Under the new plan, which will run from January 2023 through 2026, Canadians aged 18 and older will be allowed to possess up to 2.5 grams of opioids, cocaine, methamphetamine, and MDMA.
There are some exceptions to the new law, including that Canadians cannot possess drugs on K-12 school premises or in child care facilities. Substances can also not be “readily accessible” to anyone driving a vehicle.
Canada’s westernmost province set a record for drug overdoses deaths last year, as 2,224 people died in 2021.
Fentanyl, a powerful opioid that is 50-100 times more powerful than morphine, is driving the increase in overdose deaths. A report earlier this year by the British Columbia Coroners Service found that fentanyl was detected in 79% of drug overdose deaths last year, up from just 5% in 2012.
Drug dealers on the black market often mix fentanyl with other drugs like heroin and cocaine, or even press it into counterfeit pills to resemble Xanax and other opiates, in order to stretch out their supply and increase the effects of their product.

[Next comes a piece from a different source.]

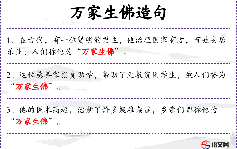 1. 【万家生佛】 - 旧时指受百姓爱戴的地方官。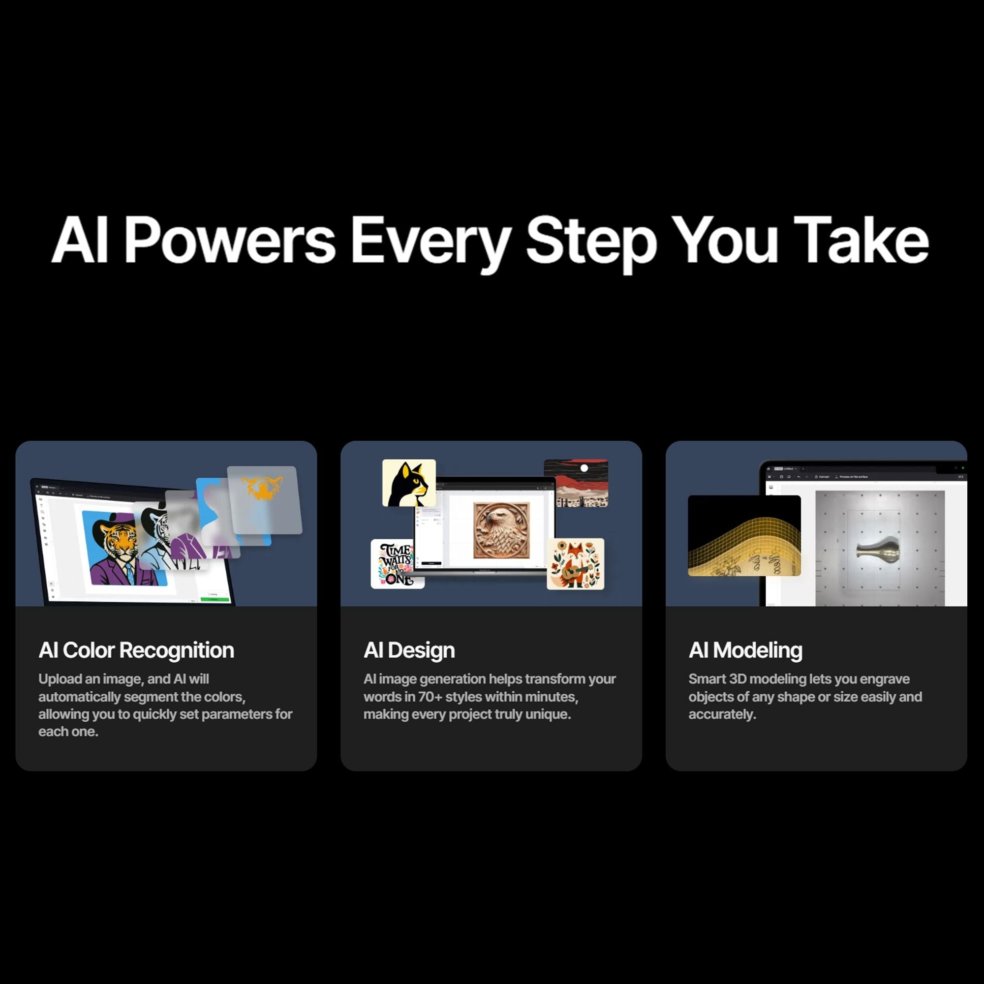 Advanced Safety Features: AI Fire Detection with CO2 suppression, Class 1 laser safety, and a robust fire safety set ensure worry-free operation.

Vancouver Mayor Kennedy Stewart welcomed the drug decriminalization experiment, saying that it will “remove police from the lives of drug users and instead connect them to a growing array of effective healthcare services.”
“We need to detoxify our drug supply with [legalized], uncontaminated supply of illicit substances, build more purpose-built housing with embedded health care supports, and approve more safe and supervised consumption sites,” Stewart said Tuesday.
South of British Columbia, Oregon became the first state in the U.S. to decriminalize small amounts of drugs in 2020 when voters approved the “Drug Addiction Treatment and Recovery Act.”
Several cities throughout the U.S. have also decriminalized psychedelic drugs, such as LSD and psilocybin mushrooms.
Portugal was the first nation to decriminalize hard drugs when it allowed the private use of all substances more than two decades ago.